I tore the radiator off, and shockingly it did not have any leaks other than the small hose return line to the reservoir, which snapped off. needing a replaced fitting there.
the AC system still had a charge, and the only part broken was the smog blower thing for the exhaust. other than almost every plastic piece in the grill that holds stuff. and the fans for the radiator.

if i can score a wrecked jetta of the same year, that was T boned or something, i should be able to get this baby up and running again for 1500-2000


----------



## FordTrax (Jan 3, 2014)

*Sorry ti see that*

I had a friend with a car with similar damage - they totaled his.


----------



## par0thead151 (Sep 17, 2010)

FordTrax said:


> I had a friend with a car with similar damage - they totaled his.

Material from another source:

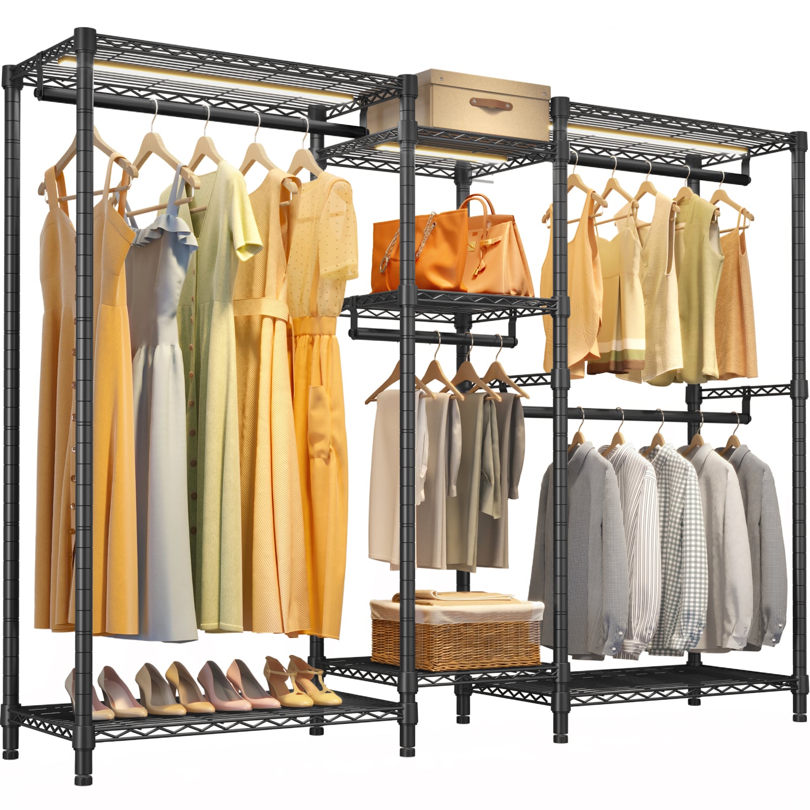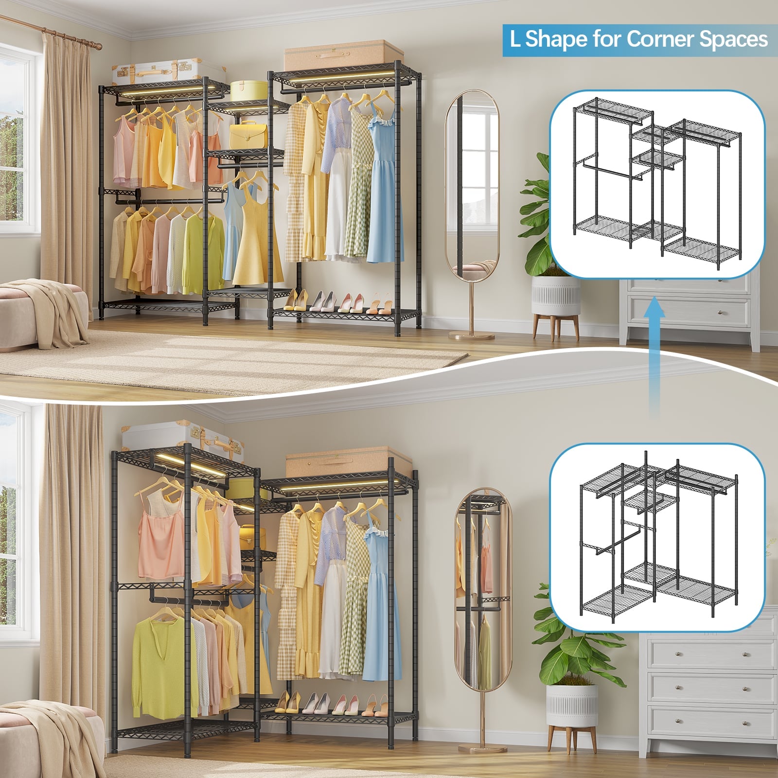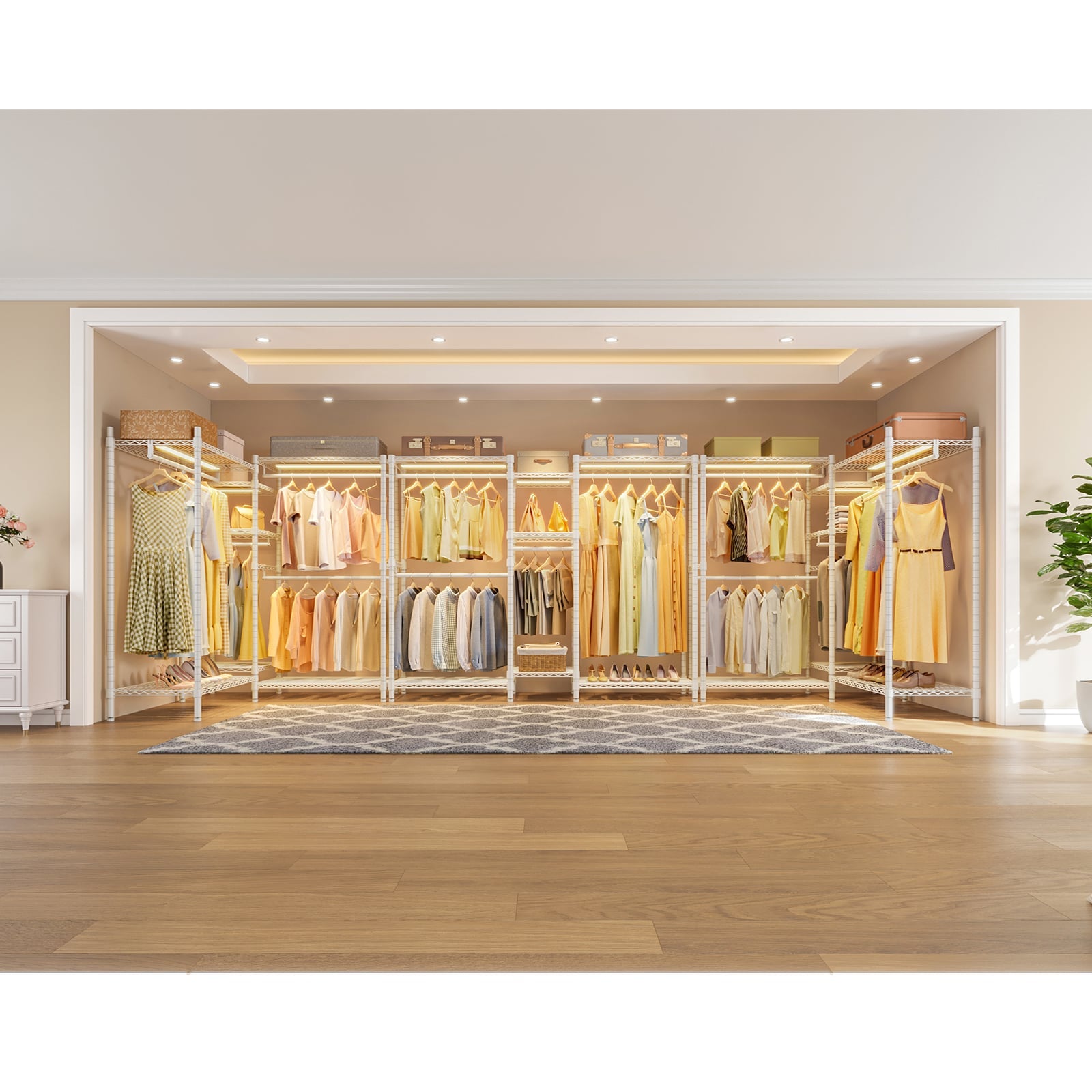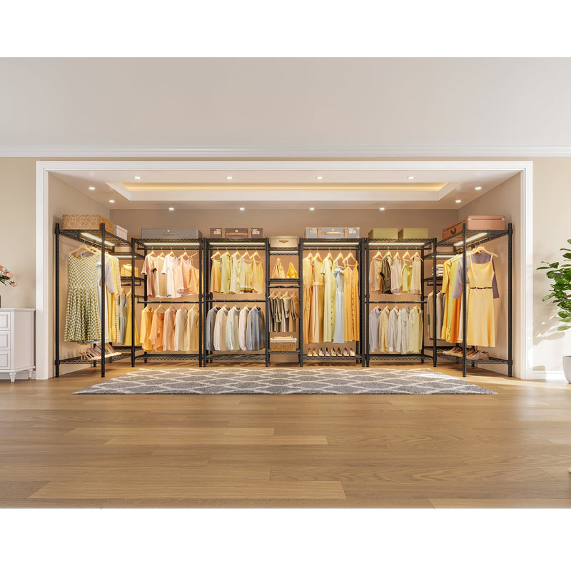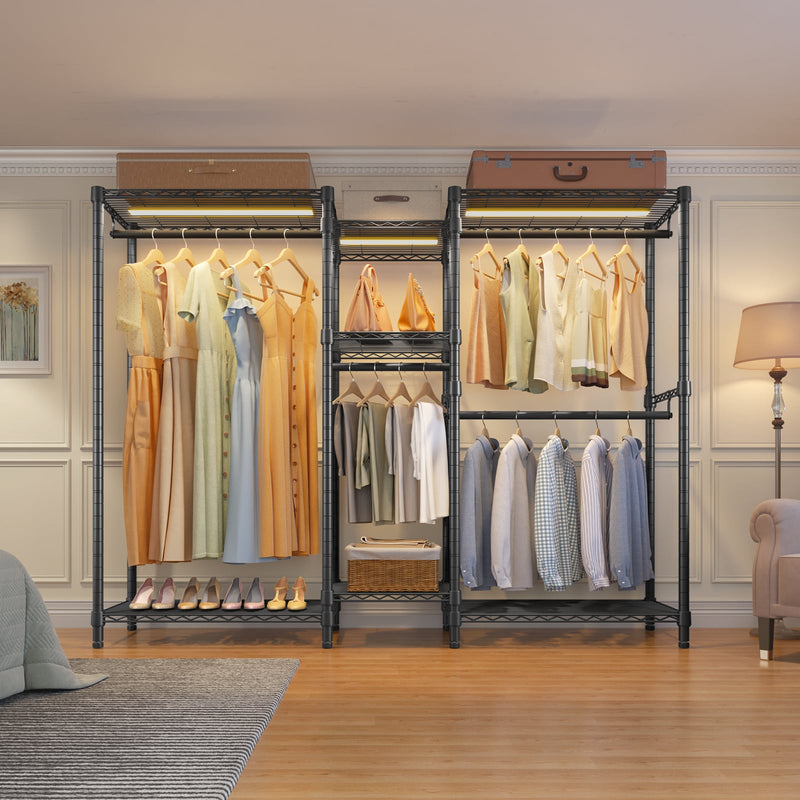 - Customized Storage Closet -- Our V6L standing closet system features 7 adjustable closet shelves and 3 hanging rod, which giving you the flexibility to store a wide variety of items, from shoes and bags to luggage and folded clothing. You can also remove a piece of shelves to create additional space for long dress.

the rational side of me is saying i should pat it out, and cut my losses. hidden damage will probably come back to haunt me if i try to repair it.


----------



## FordTrax (Jan 3, 2014)

*Agree*

with that thought



par0thead151 said:


> the rational side of me is saying i should pat it out, and cut my losses. hidden damage will probably come back to haunt me if i try to repair it.


----------



## par0thead151 (Sep 17, 2010)

i ended up selling it for 1500 to a guy who is going to school as a body shop worker
i figure thats a dair price as the vehicle, other than the recent crash, is in magnificent shape


----------